• Exercise instructions: Copy exactly every line below, from the first through the one that contains "4月2日,30万吨级超大型船", and skip all pictures.

(Dataset records)
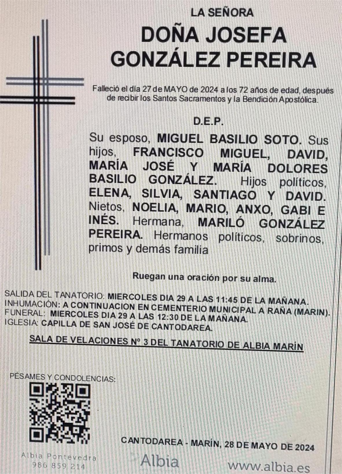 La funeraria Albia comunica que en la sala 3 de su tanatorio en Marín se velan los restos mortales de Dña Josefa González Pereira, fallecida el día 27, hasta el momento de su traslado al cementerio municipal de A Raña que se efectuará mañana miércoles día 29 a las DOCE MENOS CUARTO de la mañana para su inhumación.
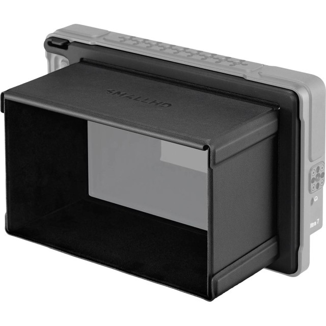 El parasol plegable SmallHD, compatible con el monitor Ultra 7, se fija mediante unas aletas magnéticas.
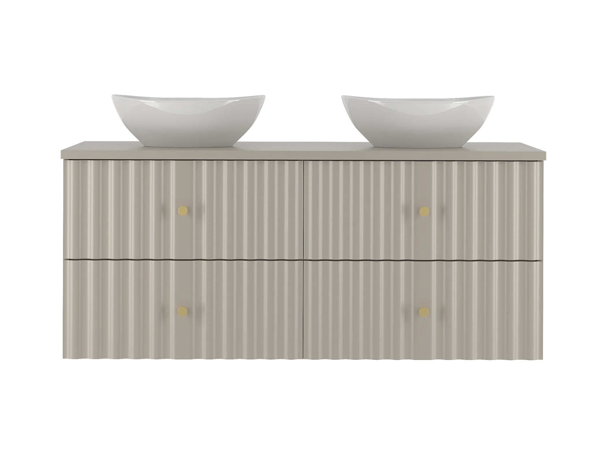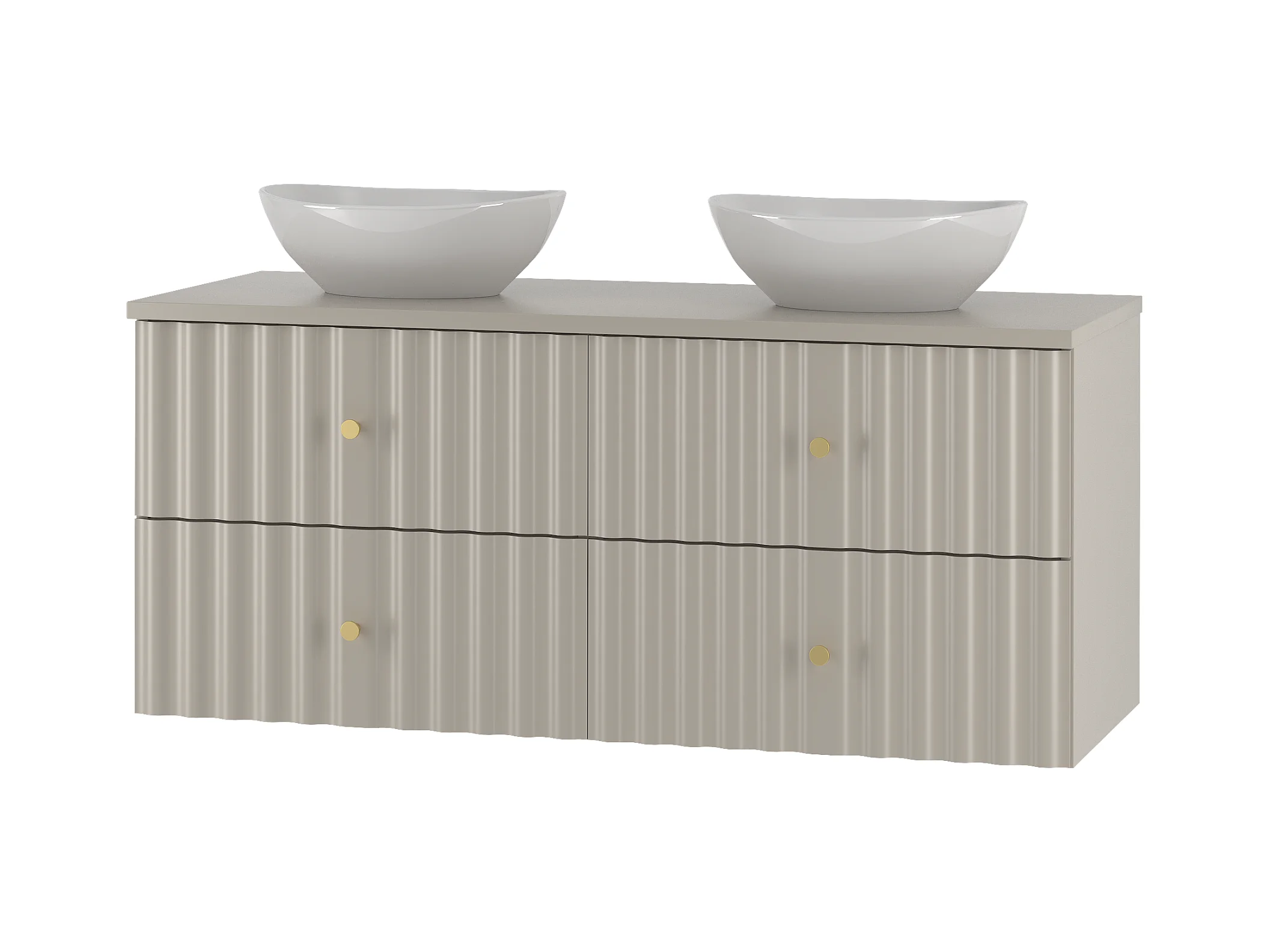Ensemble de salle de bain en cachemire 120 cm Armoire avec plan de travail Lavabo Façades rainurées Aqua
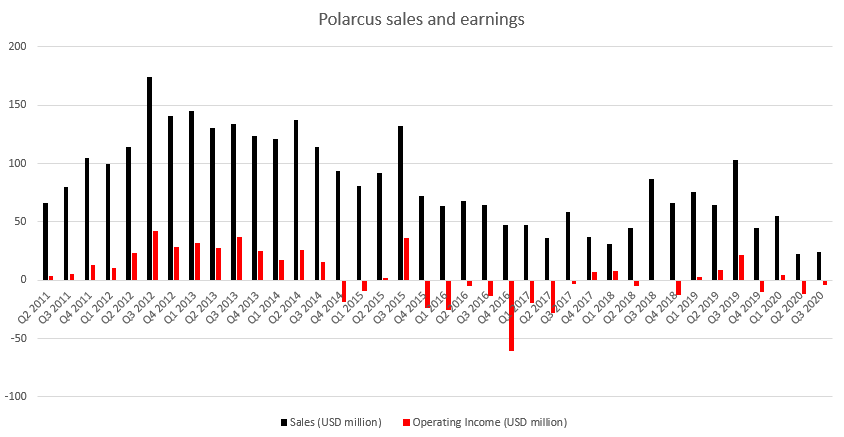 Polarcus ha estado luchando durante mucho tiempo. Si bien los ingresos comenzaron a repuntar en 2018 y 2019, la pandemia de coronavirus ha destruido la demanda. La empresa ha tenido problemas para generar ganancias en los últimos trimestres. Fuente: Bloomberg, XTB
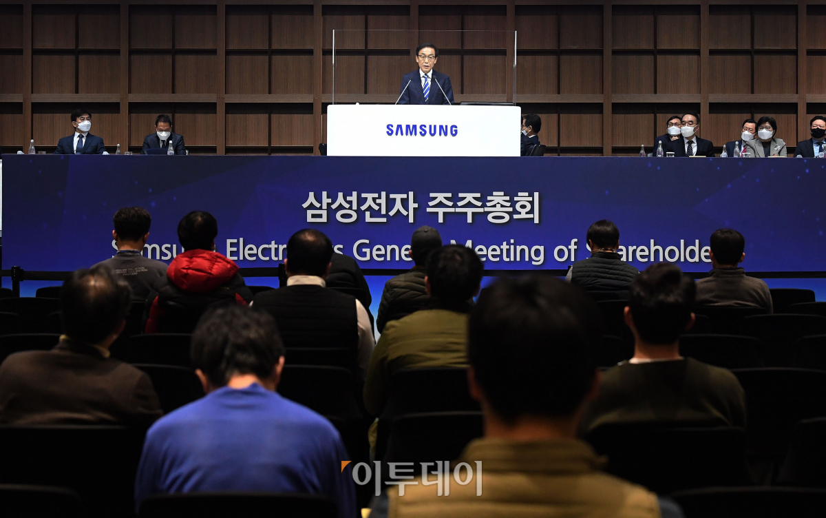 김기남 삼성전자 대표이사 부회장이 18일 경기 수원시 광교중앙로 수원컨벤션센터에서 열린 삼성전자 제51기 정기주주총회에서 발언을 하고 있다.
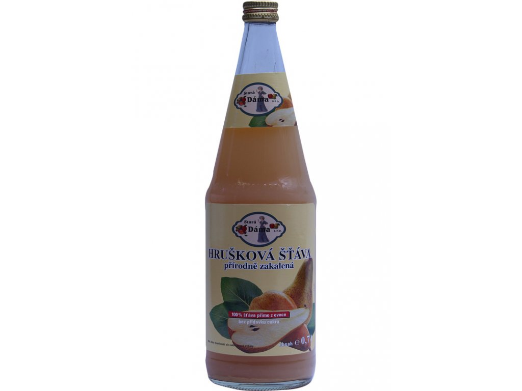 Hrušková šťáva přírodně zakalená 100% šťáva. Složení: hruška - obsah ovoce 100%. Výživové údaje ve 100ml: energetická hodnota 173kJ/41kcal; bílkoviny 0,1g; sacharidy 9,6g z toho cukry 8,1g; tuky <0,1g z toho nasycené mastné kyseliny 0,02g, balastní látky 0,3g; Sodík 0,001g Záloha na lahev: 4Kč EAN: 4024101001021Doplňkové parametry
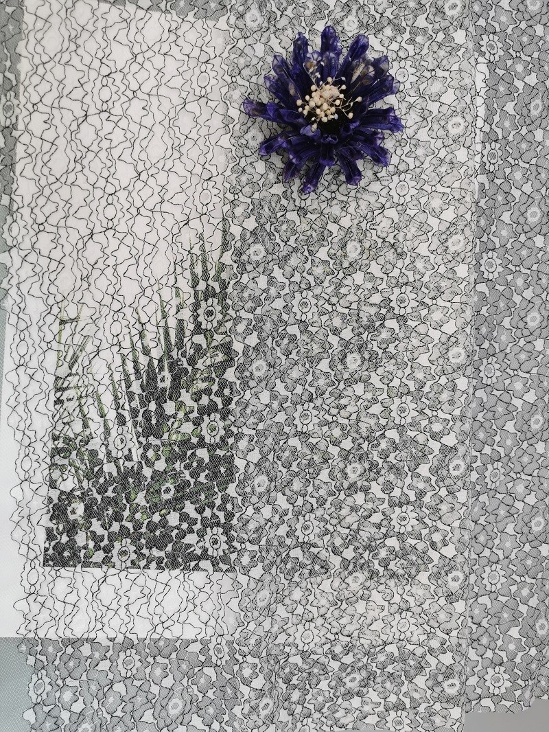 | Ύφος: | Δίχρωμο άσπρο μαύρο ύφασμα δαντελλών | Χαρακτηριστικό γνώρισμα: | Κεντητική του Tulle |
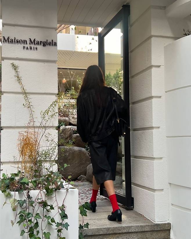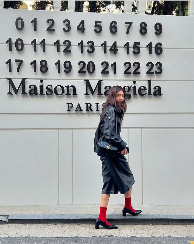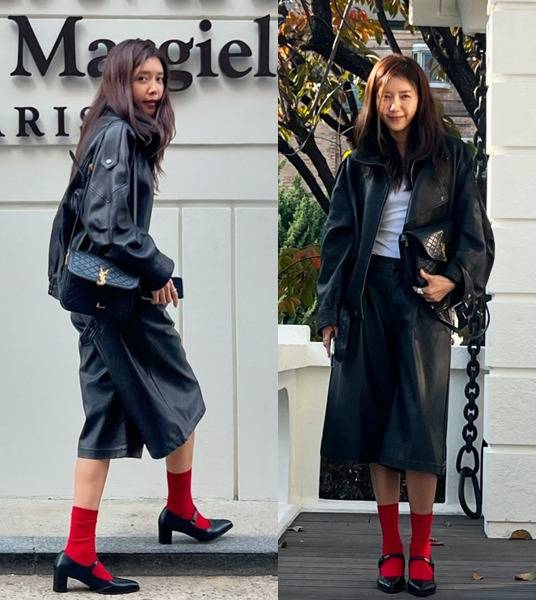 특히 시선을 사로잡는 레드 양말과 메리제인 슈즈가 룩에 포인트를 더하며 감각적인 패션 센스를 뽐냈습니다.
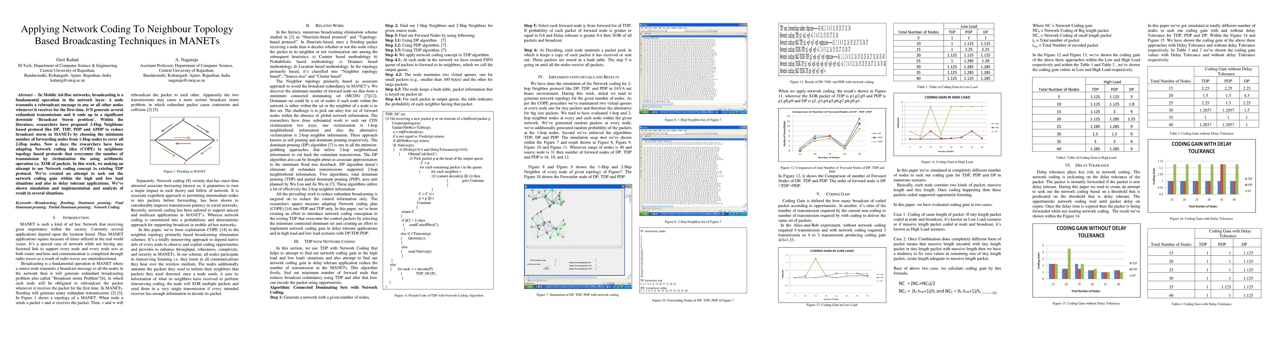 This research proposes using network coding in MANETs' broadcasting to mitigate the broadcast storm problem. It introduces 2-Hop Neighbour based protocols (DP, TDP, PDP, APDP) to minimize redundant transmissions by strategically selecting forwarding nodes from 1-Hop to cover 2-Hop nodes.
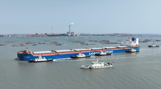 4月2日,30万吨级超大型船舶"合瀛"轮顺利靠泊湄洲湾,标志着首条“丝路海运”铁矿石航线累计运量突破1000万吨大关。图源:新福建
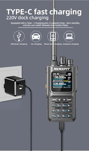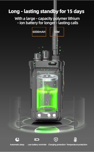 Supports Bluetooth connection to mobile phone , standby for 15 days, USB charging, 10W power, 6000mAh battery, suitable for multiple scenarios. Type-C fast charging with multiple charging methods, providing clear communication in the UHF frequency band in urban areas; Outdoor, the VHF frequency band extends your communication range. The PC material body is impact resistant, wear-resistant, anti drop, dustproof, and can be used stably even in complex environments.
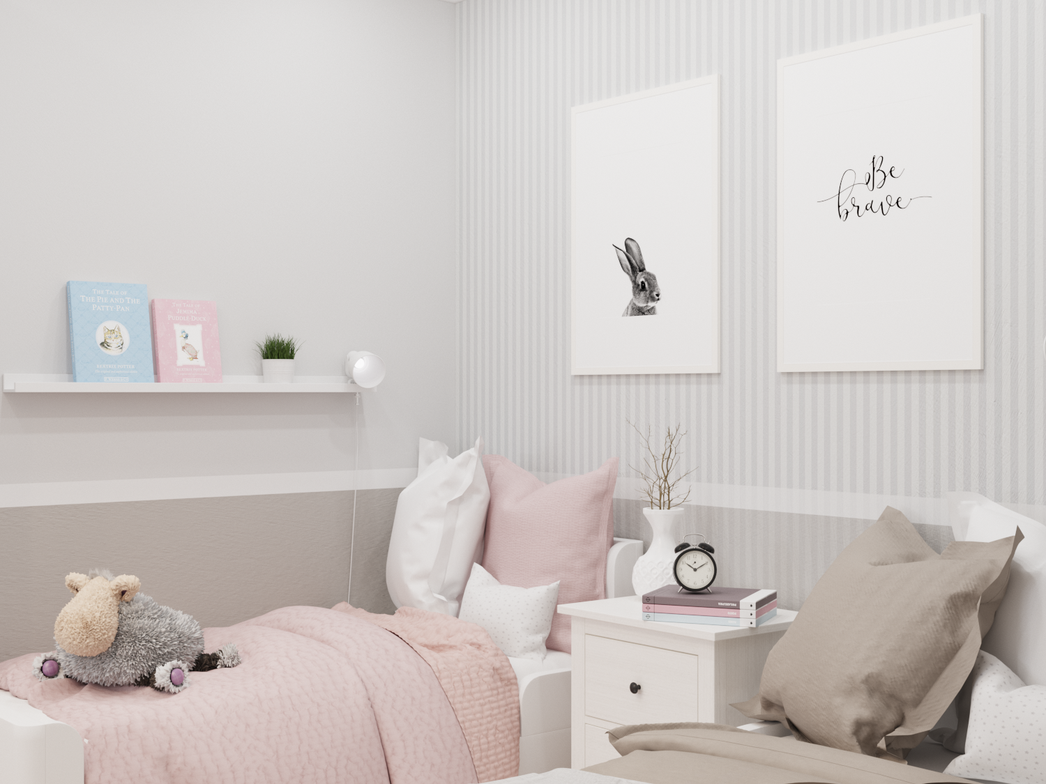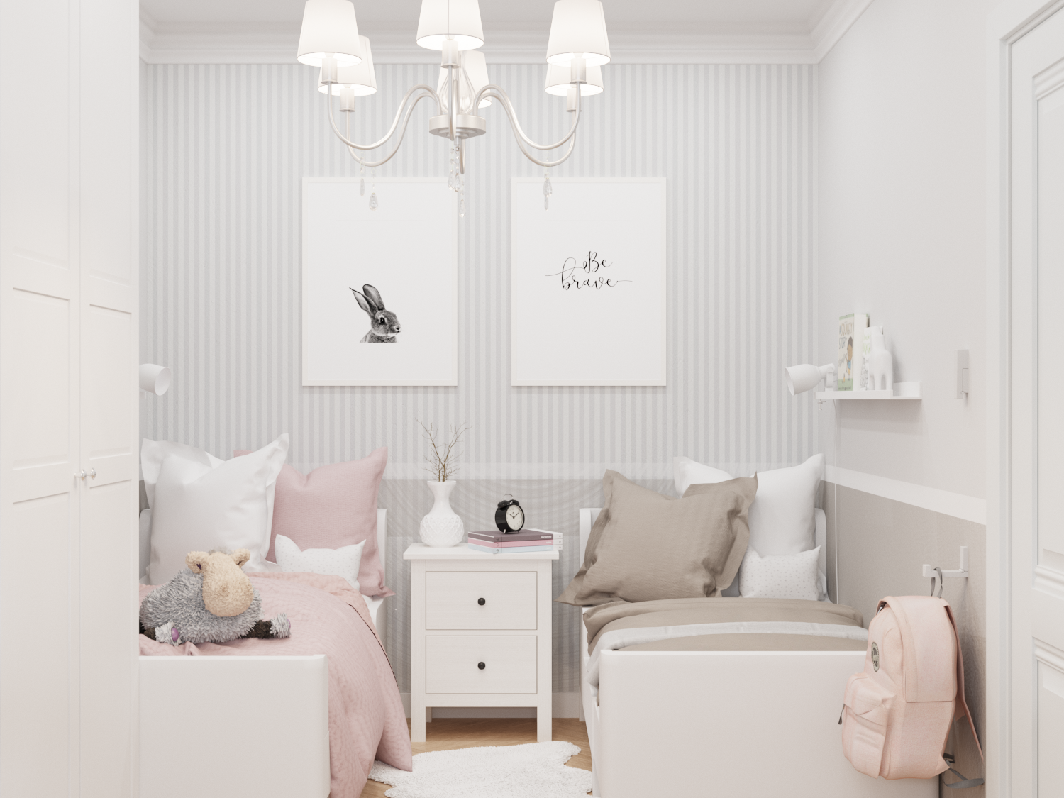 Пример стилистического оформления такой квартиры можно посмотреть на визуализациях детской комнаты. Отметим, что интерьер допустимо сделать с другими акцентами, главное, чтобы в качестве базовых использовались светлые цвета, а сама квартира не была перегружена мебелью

• Problem solution:
 La funeraria Albia comunica que en la sala 3 de su tanatorio en Marín se velan los restos mortales de Dña Josefa González Pereira, fallecida el día 27, hasta el momento de su traslado al cementerio municipal de A Raña que se efectuará mañana miércoles día 29 a las DOCE MENOS CUARTO de la mañana para su inhumación.
 El parasol plegable SmallHD, compatible con el monitor Ultra 7, se fija mediante unas aletas magnéticas.
Ensemble de salle de bain en cachemire 120 cm Armoire avec plan de travail Lavabo Façades rainurées Aqua
 Polarcus ha estado luchando durante mucho tiempo. Si bien los ingresos comenzaron a repuntar en 2018 y 2019, la pandemia de coronavirus ha destruido la demanda. La empresa ha tenido problemas para generar ganancias en los últimos trimestres. Fuente: Bloomberg, XTB
 김기남 삼성전자 대표이사 부회장이 18일 경기 수원시 광교중앙로 수원컨벤션센터에서 열린 삼성전자 제51기 정기주주총회에서 발언을 하고 있다.
 Hrušková šťáva přírodně zakalená 100% šťáva. Složení: hruška - obsah ovoce 100%. Výživové údaje ve 100ml: energetická hodnota 173kJ/41kcal; bílkoviny 0,1g; sacharidy 9,6g z toho cukry 8,1g; tuky <0,1g z toho nasycené mastné kyseliny 0,02g, balastní látky 0,3g; Sodík 0,001g Záloha na lahev: 4Kč EAN: 4024101001021Doplňkové parametry
 | Ύφος: | Δίχρωμο άσπρο μαύρο ύφασμα δαντελλών | Χαρακτηριστικό γνώρισμα: | Κεντητική του Tulle |
 특히 시선을 사로잡는 레드 양말과 메리제인 슈즈가 룩에 포인트를 더하며 감각적인 패션 센스를 뽐냈습니다.
 This research proposes using network coding in MANETs' broadcasting to mitigate the broadcast storm problem. It introduces 2-Hop Neighbour based protocols (DP, TDP, PDP, APDP) to minimize redundant transmissions by strategically selecting forwarding nodes from 1-Hop to cover 2-Hop nodes.
 4月2日,30万吨级超大型船舶"合瀛"轮顺利靠泊湄洲湾,标志着首条“丝路海运”铁矿石航线累计运量突破1000万吨大关。图源:新福建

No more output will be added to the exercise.